#### [INPUT]
○ ○ ○ ○ ○ ○ ○
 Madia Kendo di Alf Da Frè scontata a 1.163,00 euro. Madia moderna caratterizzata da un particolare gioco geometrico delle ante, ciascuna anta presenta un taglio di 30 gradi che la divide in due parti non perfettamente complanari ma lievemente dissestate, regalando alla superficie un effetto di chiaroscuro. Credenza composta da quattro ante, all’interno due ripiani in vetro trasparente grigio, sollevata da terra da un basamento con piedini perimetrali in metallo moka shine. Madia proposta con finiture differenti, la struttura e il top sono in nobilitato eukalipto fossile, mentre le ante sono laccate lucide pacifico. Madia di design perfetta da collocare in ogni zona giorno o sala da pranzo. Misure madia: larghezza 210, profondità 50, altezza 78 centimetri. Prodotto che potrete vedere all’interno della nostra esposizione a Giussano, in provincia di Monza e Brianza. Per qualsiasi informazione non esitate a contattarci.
○ ○ ○ ○ ○ ○ ○
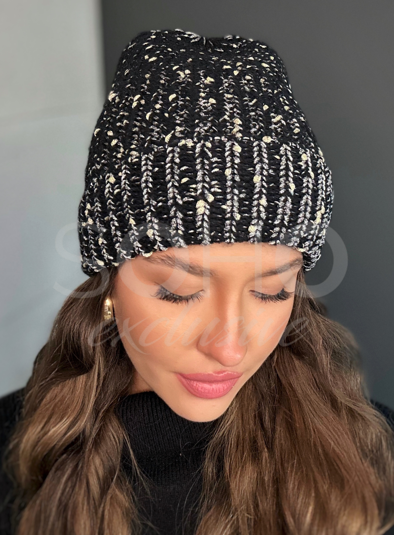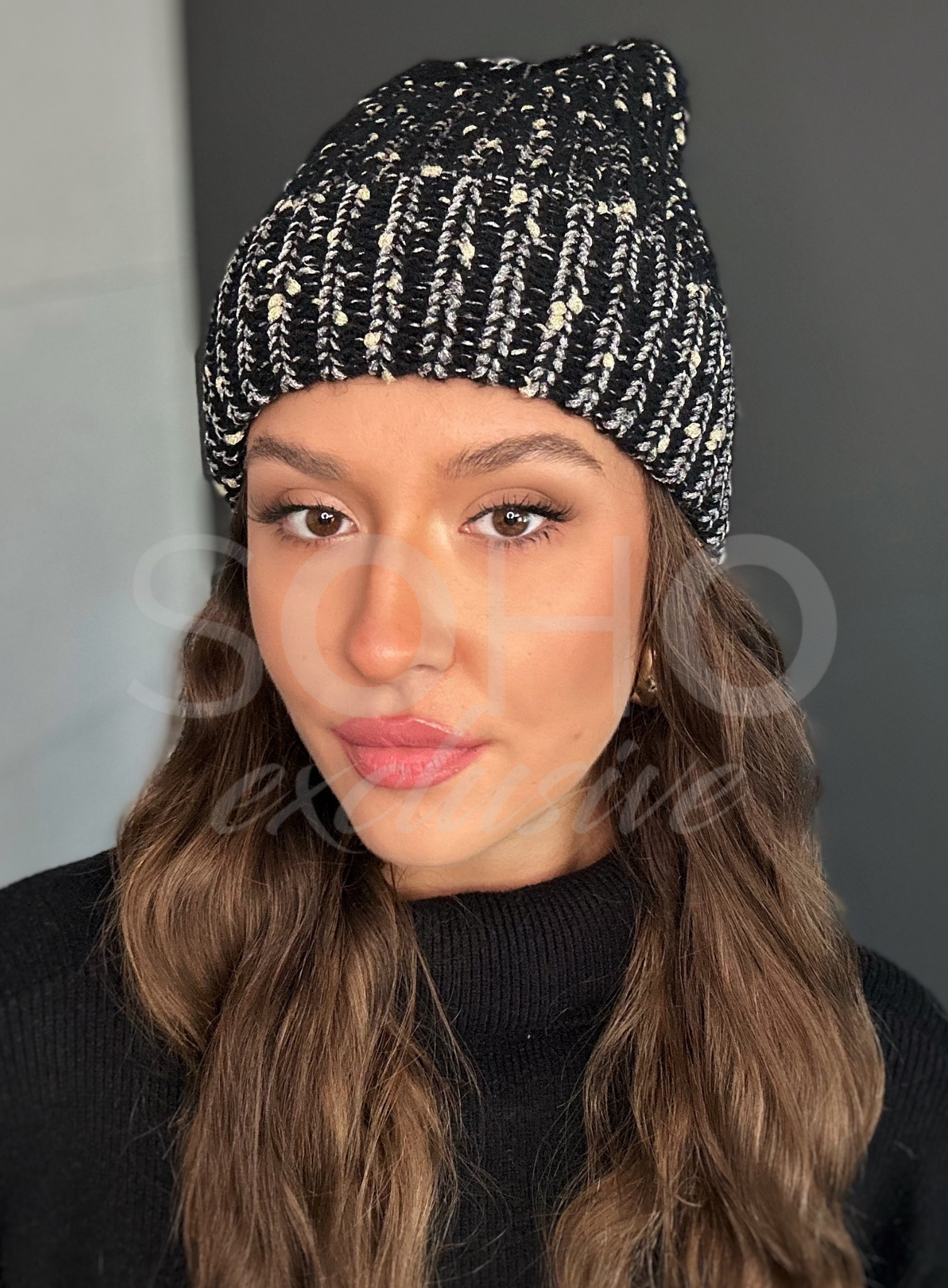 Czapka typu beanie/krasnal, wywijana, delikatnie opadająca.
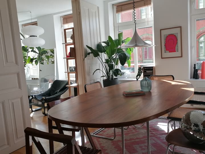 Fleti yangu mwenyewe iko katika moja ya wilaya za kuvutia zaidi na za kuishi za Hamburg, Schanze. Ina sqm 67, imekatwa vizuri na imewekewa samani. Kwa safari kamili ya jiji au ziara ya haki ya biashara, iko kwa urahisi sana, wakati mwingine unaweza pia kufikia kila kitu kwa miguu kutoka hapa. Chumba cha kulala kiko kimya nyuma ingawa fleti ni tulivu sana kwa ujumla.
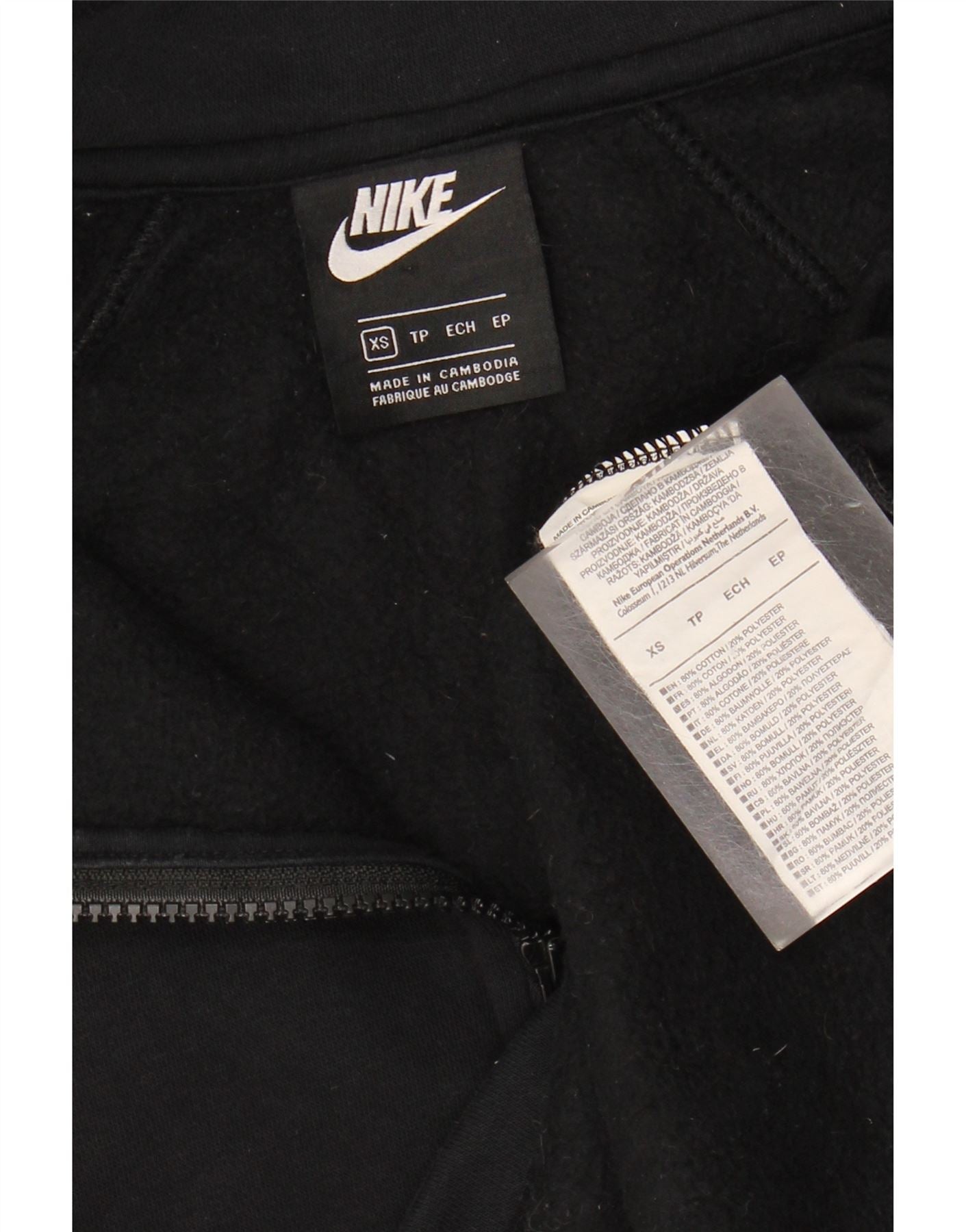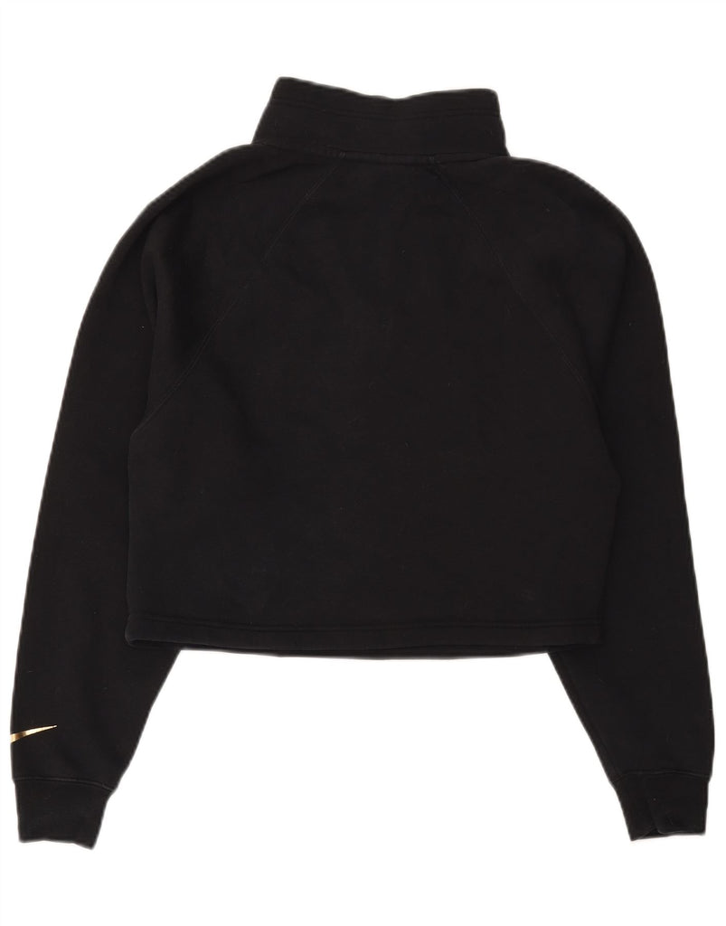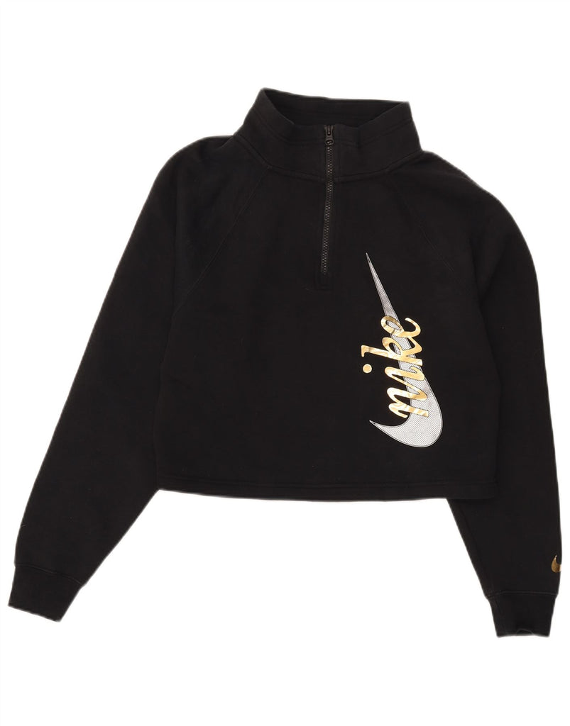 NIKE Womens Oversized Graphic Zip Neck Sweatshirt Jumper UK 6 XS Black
○ ○ ○ ○ ○ ○ ○
#### [WHAT YOU WILL DO]
Word for word, write out the lines above running from the one with "Czapka typu beanie/krasnal, wywijana, delikatnie" up to and including the one with "NIKE Womens Oversized". Drop any picture.

#### [WRITTEN RESPONSE]
 Czapka typu beanie/krasnal, wywijana, delikatnie opadająca.
 Fleti yangu mwenyewe iko katika moja ya wilaya za kuvutia zaidi na za kuishi za Hamburg, Schanze. Ina sqm 67, imekatwa vizuri na imewekewa samani. Kwa safari kamili ya jiji au ziara ya haki ya biashara, iko kwa urahisi sana, wakati mwingine unaweza pia kufikia kila kitu kwa miguu kutoka hapa. Chumba cha kulala kiko kimya nyuma ingawa fleti ni tulivu sana kwa ujumla.
 NIKE Womens Oversized Graphic Zip Neck Sweatshirt Jumper UK 6 XS Black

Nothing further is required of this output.